You could make a time/space tradeoff and go O(n^2) for time and O(1) for (memory) space by counting how many times a word occurs each time you encounter it in a linear pass of the data. If the count is above the top 10 found so far, then keep the word and the count, otherwise ignore it.

Says building a Hash and sorting the values is best. I'm inclined to agree. http://www.allinterview.com/showanswers/56657.html

Here is a Bash implementation that does something similar...I think http://www.commandlinefu.com/commands/view/5994/computes-the-most-frequent-used-words-of-a-text-file

Depending on the size of the input data, it may or may not be a good idea to keep a HashMap. Say for instance, our hash-map is too big to fit into main memory. This can cause a very high number of memory transfers as most hash-map implementations need random access and would not be very good on the cache.

In such cases sorting the input data would be a better solution.

Cycle through the string of words and store each in a dictionary(using python) and number of times they occur as the value.

If the word list will not fit in memory, you can split the file until it will. Generate a histogram of each part (either sequentially or in parallel), and merge the results (the details of which may be a bit fiddly if you want guaranteed correctness for all inputs, but should not compromise the O(n) effort, or the O(n/k) time for k tasks).

A Radix tree or one of it's variations will generally allow you to save storage space by collapsing common sequences.
Building it will take O(nk) - where k is "the maximum length of all strings in the set".

step 1 : If the file is very large and can't be sorted in memory you can split it into chunks that can be sorted in memory.

step 2 : For each sorted chunk compute sorted pairs of (words, nr_occurrence), at his point you can renounce to the chunks because you need only the sorted pairs.

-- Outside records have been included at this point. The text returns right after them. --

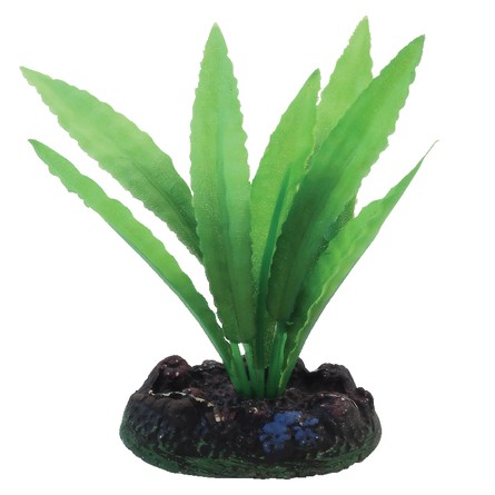 Растения - это не только завершающий штрих в оформлении, но и необходимый атрибут любого аквариума. Они придают трехмерность внутреннему пространству аквариума, а также служат дополнительным укрытием для небольших рыб, отвечая тем самым не только за эстетику, но и принося обитателям аквариума реальную пользу. Неоспоримое преимущество искусственных растений в том, что в них не заводятся паразиты и грибки, их легко мыть и дезинфицировать, и прослужат они неизмеримо дольше, чем живые растения. Изготовленное из ткани, растение для аквариума с тяжелой керамической подставкой "Апоногетон" подойдет для оформления любых типов пресноводных аквариумов.
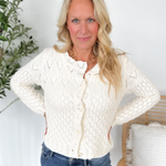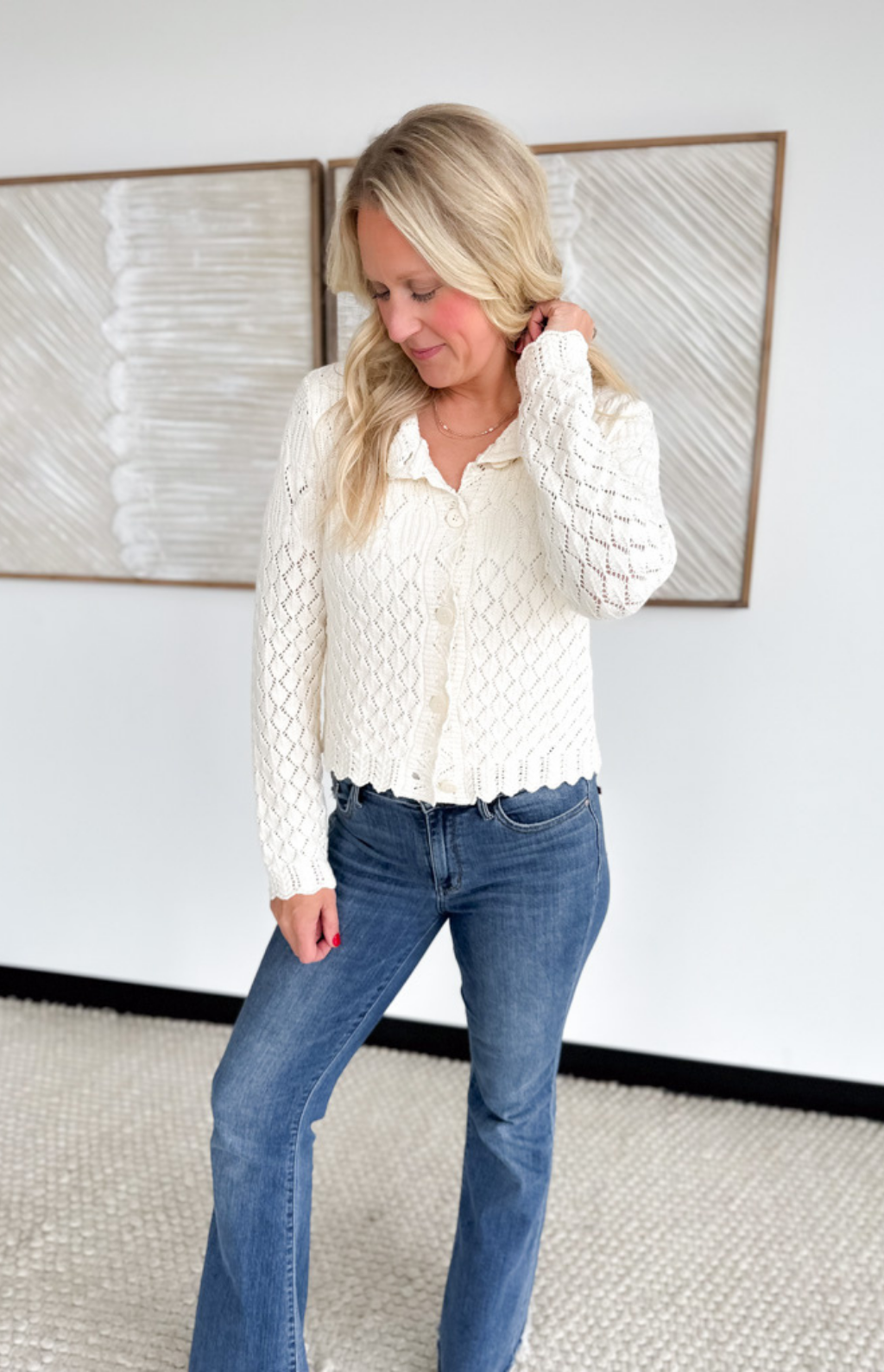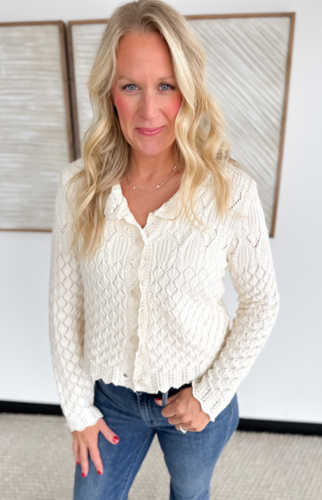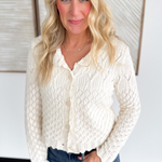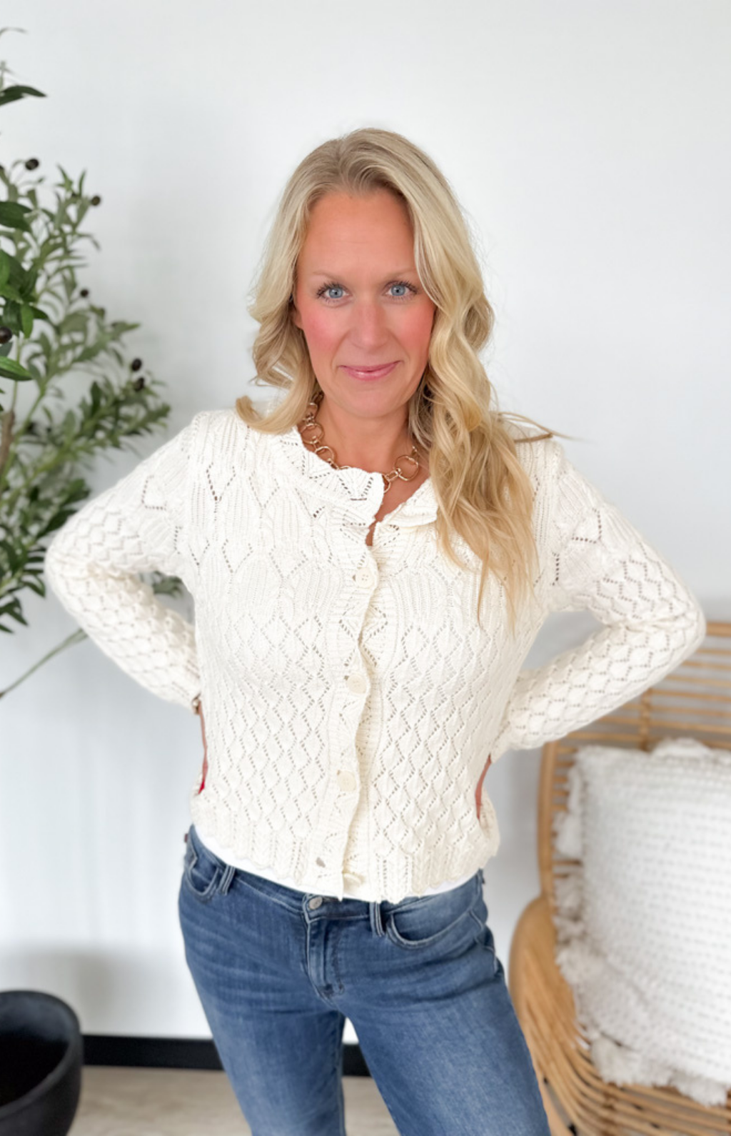 This cream-colored crochet button-up cardigan is the perfect mix of feminine and timeless. The delicate crochet knit adds beautiful texture and charm, while the button-up front lets you style it open over a tank or closed for a classic look. Lightweight and breathable, it’s ideal for layering through the seasons. The soft cream hue makes it easy to pair with anything in your closet, from denim to dresses. It’s that sweet, effortless piece that adds a touch of cozy elegance to any outfit.
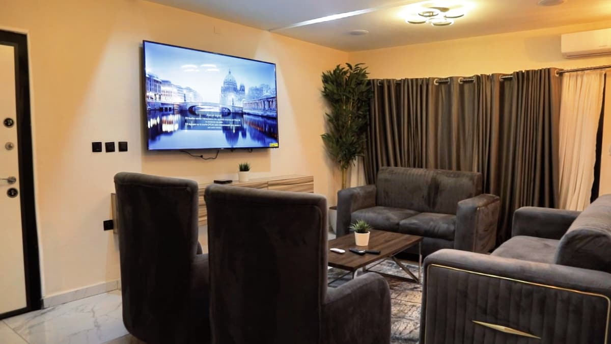 At Aimson Palace Enjoy comfort and lucky of satellite TV, High speed internet, AC, private parking, swimming pool, laundry service, you can also enjoy the hamman optonal, 24/7 security with surveillance cameras, gym and terrace. We also have a solar energy all furnished from the U.S.A.
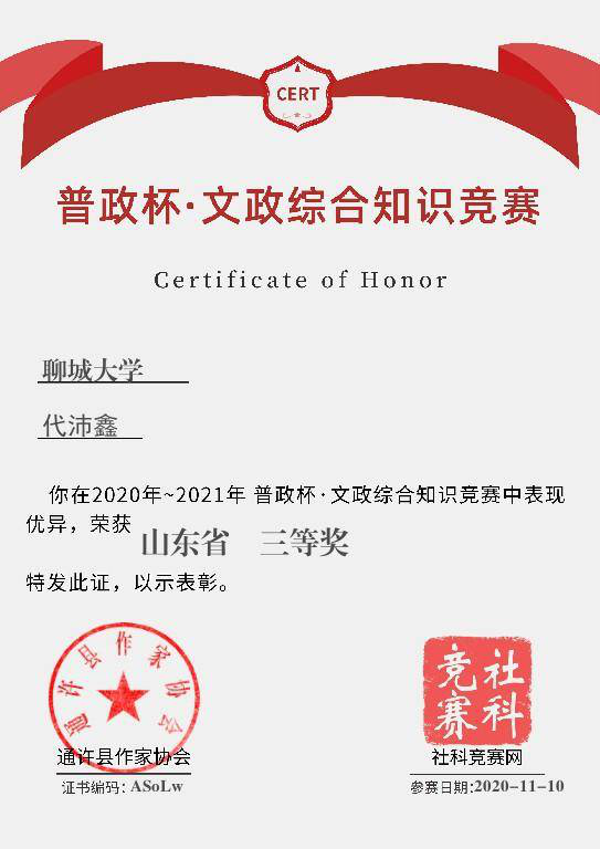 » 热烈祝贺七大罪 代沛鑫2020年~2021年普政杯·文政综合知识竞赛山东省三等奖
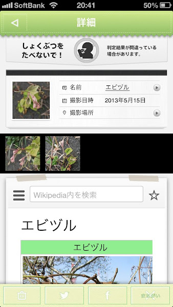判明した植物の名前と、Wikipediaが表示され、すぐにどういった植物なのか分かる仕組みになっています。エビヅルかぁ。どうやら僕が見つけたのは、若い株だったようです。落葉大木じゃあ、野草図鑑に載っていないのも納得ですね。
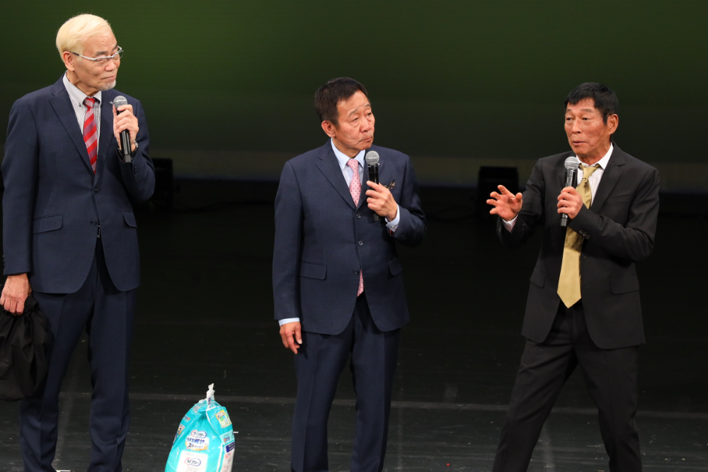 もちろん阪神・巨人も漫才を披露。50年積み上げてきた経験と技術を存分に発揮し、会場を沸かすだけでなく、阪神が落語、巨人が自身の持ち歌「男の子守唄」「夢浪漫」を熱唱するなど、それぞれの魅力も十二分に味わえるソロコーナーも設けられた。
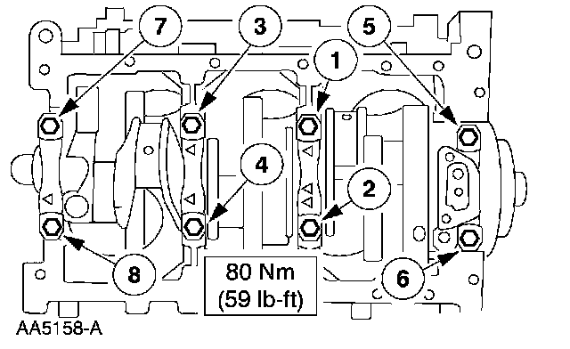 Main bearing cap bolts 80 Nm (59 ft.lbs.)
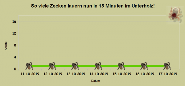 Durch das häufig freundliche und trockene Wetter in den nächsten Tagen geht die Gefahr für Zeckenbisse zurück.. Am Wochenende und in der kommenden Woche, finden sich im Unterholz bis zu nur noch 1-2 Zecken in 15 Minuten.
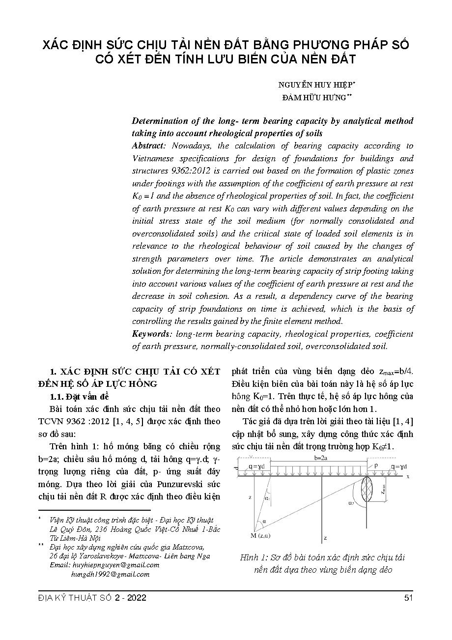 Xác định sức chịu tải nền đất bằng phương pháp số có xét đến tính lưu biến của nền đất = Determination of the long- term bearing capacity by analytical method taking into account rheological properties of soils
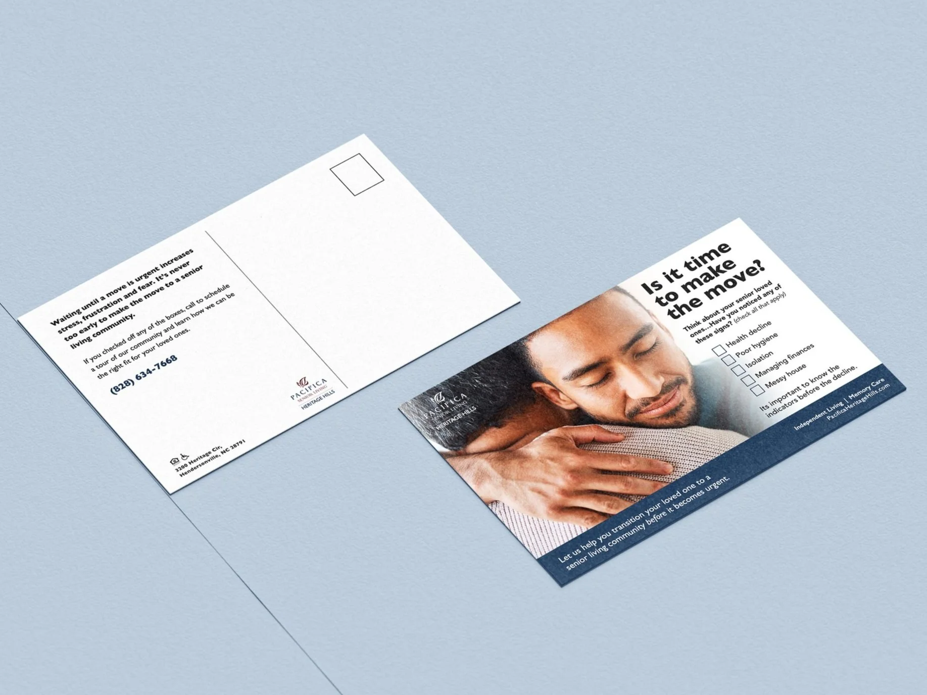 Using After Effects to create a simple GIF to post to social accounts. This campaign is meant to capture the families that start to notice a health decline of their older relatives. The GIF was shared digitally while the postcard was sent in the mail. Being front of mind on digital vs print to capture all audiences.
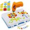 Ta edukacyjna zabawa polega na wkręcaniu kolorowych śrubek w płytkę przy użyciu wkrętarki zasilanej bateriami lub śrubokrętu. Dzieci mogą tworzyć barwne obrazki i wzory, co wspiera ich kreatywność i jednocześnie pozwala zdobywać podstawowe umiejętności praktyczne. Zestaw zawiera 151 elementów, które są wygodnie przechowywane w praktycznej walizce, dzięki czemu wszystko można łatwo przenosić i przechowywać.
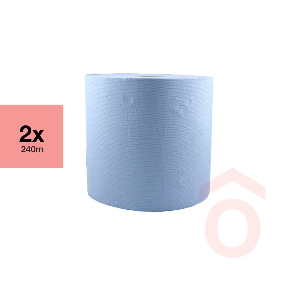 Praktikus, nagyméretű, 2 rétegű tekercses kéztörlő, amely kék színben kapható. 240 m hosszú, extra hosszú tekercse ideális nagy forgalmú helyekre és ipari környezetekbe, ahol fontos a folyamatos ellátás.

step 3 : Iterate over the chunks and sort the chunks and always keep the top ten appearances.

Example:

Step 1:

a b a ab abb a a b b c c ab ab

split into :

chunk 1: a b a ab
chunk 2: abb a a b b
chunk 3: c c ab ab

Step 2:

chunk 1: a2, b1, ab1 chunk 2: a2, b2, abb1
chunk 3: c2, ab2

Step 3(merge the chunks and keep the top ten appearances):

a4 b3 ab3 c2 abb1

    int k = 0;
    int n = i;
    int j;
    string[] stringList = h.Split(" ".ToCharArray(),
                                  StringSplitOptions.RemoveEmptyEntries);
    int m = stringList.Count();
    for (j = 0; j < m; j++)
    {
        int c = 0;
        for (k = 0; k < m; k++)
        {
            if (string.Compare(stringList[j], stringList[k]) == 0)
            {
                c = c + 1;
            }
        }
    }

Not the most efficient CPU-wise, and UGLY, but it took only 2 minutes to bang out:

perl -lane '$h{$_}++ for @F; END{for $w (sort {$h{$b}<=>$h{$a}} keys %h) {print "$h{$w}\t$w"}}' file | head

Loop over each line with -n
Split each line into @F words with -a
Each $_ word increments hash %h
Once the END of file has been reached,
sort the hash by the frequency
Print the frequency $h{$w} and the word $w
Use bash head to stop at 10 lines

Using the text of this web page as input:

121     the
77      a
48      in
46      to
44      of
39      at
33      is
30      vote
29      and
25      you

I benchmarked this solution vs the top-rated shell solution (ben jackson) on a 3.3GB text file with 580,000,000 words.
Perl 5.22 completed in 171 seconds, while the shell solution completed in 474 seconds.